Private pension in Brazil is divided into two main products: PGBL (Pension Plan) (Plan Generator of Free Benefit) and VGBL (Pension Plan) (Life Generator of Free Benefit). Although similar in accumulation structure, the taxation form is radically different and can impact tens of thousands of dollars in final wealth.

PGBL (Pension Plan) — For those who declare IR in the complete model

PGBL (Pension Plan) allows deducting contributions made in the year of the income tax calculation base, limited to 12% of gross taxable annual income. This fiscal benefit reduces the tax to be paid in the short term. In contrast, at the time of withdrawal, the IR levies the total withdrawn value (principal + earnings).

VGBL (Pension Plan) — For simplified, exempt, and complementary PGBL (Pension Plan)

VGBL (Pension Plan) does not offer a fiscal benefit during the accumulation phase. At withdrawal, however, the IR levies only the earnings (gains), sparing the principal capital from taxation. It is classified as life insurance, not as complementary pension.

Regressive Table — For those who think about the long term

The regressive table is exclusive to private pension and reduces the income tax rate as the money remains invested. It is the most efficient option for those who plan to withdraw after many years:

Accumulation PeriodIR Rate
Up to 2 years35%
2 to 4 years30%
4 to 6 years25%
6 to 8 years20%
8 to 10 years15%
Above 10 years10%

Progressive Table — The standard IR table

In the progressive table, the IR on withdrawal follows the same rates as labor income. It is calculated on the withdrawn amount and can be paid or complemented in the Annual Declaration. The rates are:

Annual Calculation BaseIR Rate
Up to $24,511.92Exempt
From $24,511.93 to $33,919.807.5%
From $33,919.81 to $45,012.6015%
From $45,012.61 to $55,976.1622.5%
Above $55,976.1627.5%

Frequently Asked Questions

PGBL (Pension Plan) is indicated for taxpayers who make the Complete Declaration of Income Tax and have a marginal income tax rate of at least 15%. The benefit occurs because the annual contributions to PGBL (Pension Plan), limited to 12% of gross taxable income, are deductible from the income tax calculation base. This generates an immediate "discount" on the tax to be paid. On the other hand, if you make a Simplified Declaration (which uses the standard 20% discount), there is no basis for deducting PGBL (Pension Plan), making VGBL (Pension Plan) the superior option for this profile. Self-employed individuals with variable income, exempt from IR, or those who have already reached the 12% limit of gross taxable income should also opt for VGBL (Pension Plan).

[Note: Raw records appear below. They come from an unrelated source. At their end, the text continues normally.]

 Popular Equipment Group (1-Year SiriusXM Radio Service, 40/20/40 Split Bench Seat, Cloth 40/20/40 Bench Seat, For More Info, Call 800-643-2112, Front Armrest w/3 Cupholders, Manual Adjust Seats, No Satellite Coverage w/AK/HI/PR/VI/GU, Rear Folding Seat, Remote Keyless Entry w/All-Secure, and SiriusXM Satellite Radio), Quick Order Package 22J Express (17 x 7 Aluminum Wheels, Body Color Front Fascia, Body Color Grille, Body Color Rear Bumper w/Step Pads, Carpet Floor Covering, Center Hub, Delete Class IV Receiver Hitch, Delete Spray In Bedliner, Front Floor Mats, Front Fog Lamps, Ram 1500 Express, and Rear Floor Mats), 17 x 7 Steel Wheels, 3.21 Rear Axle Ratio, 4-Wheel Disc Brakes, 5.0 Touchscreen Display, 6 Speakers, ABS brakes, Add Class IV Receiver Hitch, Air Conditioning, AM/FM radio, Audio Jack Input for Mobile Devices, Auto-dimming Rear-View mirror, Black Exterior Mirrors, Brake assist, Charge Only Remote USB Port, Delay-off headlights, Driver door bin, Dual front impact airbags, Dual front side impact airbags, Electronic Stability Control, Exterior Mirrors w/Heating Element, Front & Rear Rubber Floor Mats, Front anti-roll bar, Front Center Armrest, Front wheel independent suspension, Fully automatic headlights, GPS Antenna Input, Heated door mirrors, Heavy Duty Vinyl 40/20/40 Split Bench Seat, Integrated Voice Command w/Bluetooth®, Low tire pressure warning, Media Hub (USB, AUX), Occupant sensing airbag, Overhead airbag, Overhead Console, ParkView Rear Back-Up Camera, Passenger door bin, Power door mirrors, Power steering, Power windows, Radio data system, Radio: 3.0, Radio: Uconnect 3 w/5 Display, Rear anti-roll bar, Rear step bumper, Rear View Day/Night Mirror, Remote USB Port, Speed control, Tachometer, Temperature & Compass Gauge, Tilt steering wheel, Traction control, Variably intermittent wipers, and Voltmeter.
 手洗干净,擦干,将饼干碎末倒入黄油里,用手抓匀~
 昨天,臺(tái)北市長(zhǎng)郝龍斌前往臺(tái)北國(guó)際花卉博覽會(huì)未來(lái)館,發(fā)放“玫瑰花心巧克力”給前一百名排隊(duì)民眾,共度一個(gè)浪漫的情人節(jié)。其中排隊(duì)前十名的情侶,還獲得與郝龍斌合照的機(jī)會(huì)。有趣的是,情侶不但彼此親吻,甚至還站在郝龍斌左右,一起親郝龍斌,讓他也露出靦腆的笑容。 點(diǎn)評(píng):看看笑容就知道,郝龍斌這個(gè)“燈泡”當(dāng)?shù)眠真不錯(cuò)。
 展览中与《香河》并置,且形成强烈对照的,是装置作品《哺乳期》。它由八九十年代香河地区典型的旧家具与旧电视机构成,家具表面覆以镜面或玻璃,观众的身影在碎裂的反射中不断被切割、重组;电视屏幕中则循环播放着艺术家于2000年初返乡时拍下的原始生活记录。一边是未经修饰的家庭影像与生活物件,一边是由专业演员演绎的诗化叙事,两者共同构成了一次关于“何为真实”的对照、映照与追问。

The regressive table is a taxation exclusive to private pension that progressively reduces the income tax rate as the term of accumulation increases. It starts at 35% for withdrawals in less than 2 years and drops to only 10% for resources kept for more than 10 years. For context, conventional fixed income investments taxed reach up to 15% of IR at maximum (regressive table of investments). Therefore, the regressive table of the pension is only advantageous for terms above 10 years, when the 10% rate surpasses the 15% maximum of other products. For shorter terms, the progressive table may be more efficient — especially if the annual withdrawn amount is low enough to fall within the exempt or 7.5% ranges.

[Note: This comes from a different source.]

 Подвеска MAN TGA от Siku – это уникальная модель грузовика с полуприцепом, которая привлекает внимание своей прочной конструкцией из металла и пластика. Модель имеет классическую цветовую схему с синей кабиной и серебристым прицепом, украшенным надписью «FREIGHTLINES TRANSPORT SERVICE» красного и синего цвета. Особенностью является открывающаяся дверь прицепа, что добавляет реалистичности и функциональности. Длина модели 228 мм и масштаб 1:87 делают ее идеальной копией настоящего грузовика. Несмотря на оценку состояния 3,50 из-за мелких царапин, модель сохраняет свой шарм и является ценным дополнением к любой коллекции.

Yes, you can perform a portability between private pension plans without paying tax at the time of transfer — as long as the portability is done between products of the same nature (PGBL (Pension Plan) to PGBL (Pension Plan), or VGBL (Pension Plan) to VGBL (Pension Plan)). It is not possible to migrate directly from PGBL (Pension Plan) to VGBL (Pension Plan) via portability, since they are products of different legal nature. As for the tax regime (progressive or regressive), the change is only allowed from progressive to regressive, never the other way around, and the term count starts from the day of migration, which directly impacts the regressive regime rate. Therefore, it is fundamental to plan the tax regime from the beginning of the investment.